Bryan Police Interim Chief Chris Chapa speaks during a city council meeting on Monday. MAX REINHART/Staff

After the retirements of the Bryan police chief and a sergeant were approved earlier this month, more changes within the department were OK’d by city council on Monday.

Council approved a pay raise for interim chief Chris Chapa, from $67,155.60 to $68,255.60 per year, “to compensate for the extra hours and extra duties he will be performing over the next several months,” according to the employment status change request document.

Patrol officer John Rathke also received a raise for having completed three years of full-time service with the department. The wage adjustment is in accord with the city’s bargaining agreement.

Danielle Nicholson was hired as a full-time police/fire dispatcher, with a start date to be determined.

Council also approved Chapa to give two civil service tests, one for police officer position and another for a sergeant. Prompted by questions from council, Chapa said his department is understaffed by four or five positions and that, with the upcoming retirement of Sgt. Clifford Weigel, “I’ll have no working sergeants.”

Chapa explained that the test for sergeants is for current officers with at least three years of service to the department.

And following a closed, executive session to discuss appointment of a public employee and acquisition of property, council approved to mayor to advertise for the chief position, which is open following the recent retirement of Michael Willis.

In other action Monday, council approved a 10-year Community Reinvestment Area tax exemption for Schlachter Investments, for construction at 525 Winzeler Drive, in the industrial park on the city’s east side. Council approved a $42,315 agreement with Schlachter Investments LLC for a 8.463-acre lot earlier this month.

According to the company’s tax abatement application, construction will involve a 320-by-150-foot warehouse space. Half the building will be “corporate headquarters for S & S Directional Boring Ltd., Advanced Rehabilitation Technology Ltd., and OBIC LLC International Headquarters” while “open tenant space (is) to be utilized for manufacturing warehouse space or other manufacture looking for rental option.”

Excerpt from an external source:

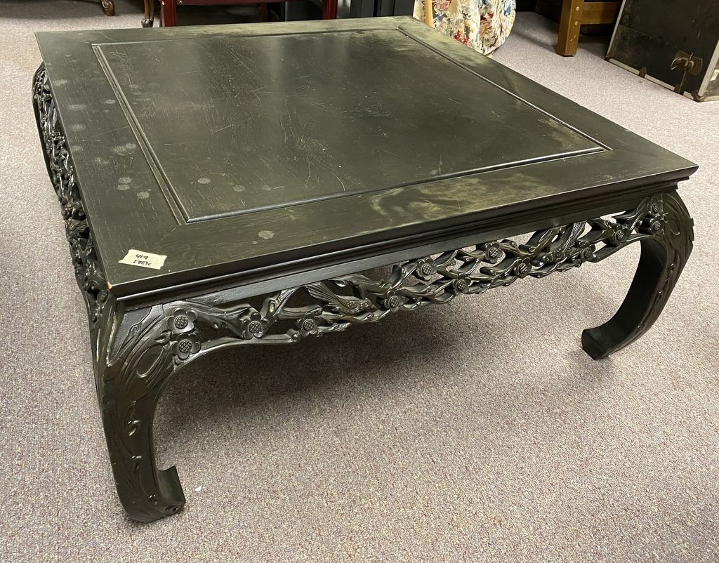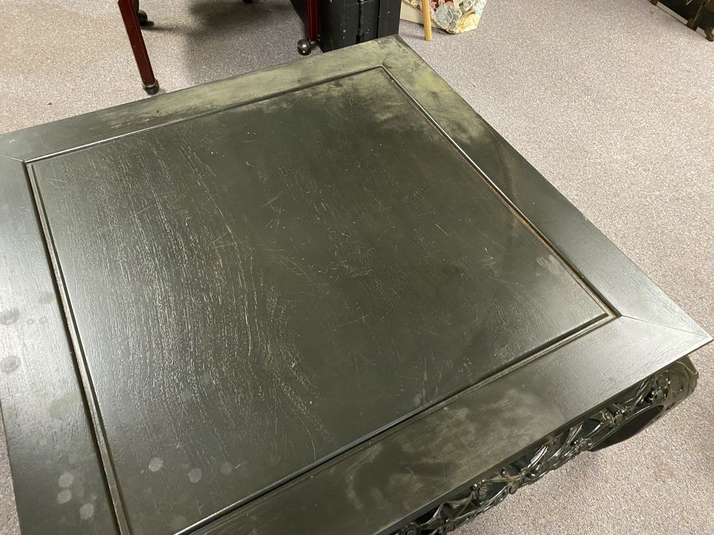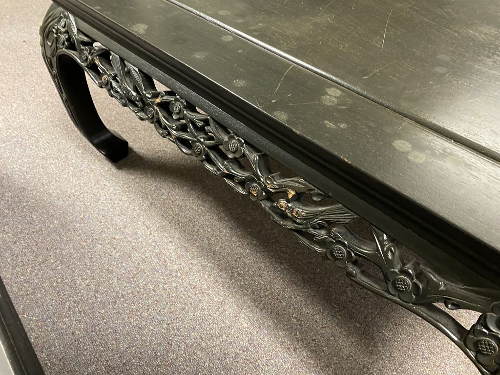 Asian Style Dark Finish Coffee Table, ornate carved, faded spots on top, 17"h., 36"w. Location Right Conference Room Asian Style Dark Finish Coffee Table, ornate carved, faded spots on top, 17"h., 36"w. Location Right Conference Room

Schlachter hopes to create six new jobs through 2022 with an average wage of new employees greater than $60,000 per year, with additional jobs likely for the other firms associated with the project.

• Approved appropriations of $15,000, a donation from the Bryan Rotary Foundation for improvements to pavilions at Moore Park; and $5,400 from donations of various individuals for an upcoming 25-year anniversary celebration at the Imagination Station. City Parks and Recreation Department Director Ben Dominique said the celebration is set for 10 a.m. to 1 p.m. Oct. 1.

• Set the employee annual premium rate for health insurance for the years starting Sept. 1. City leaders praised Clerk-Treasurer Laura Rode, Mike Kurivial of First Insurance and others for negotiating a 0 percent increase for this year.

• Approved an ordinance adopting and implementing a uniform policy regarding projects that utilize federal funding. City Attorney Rhonda Fisher said the ordinance was required by the auditors and included “pretty standard language” for such projects.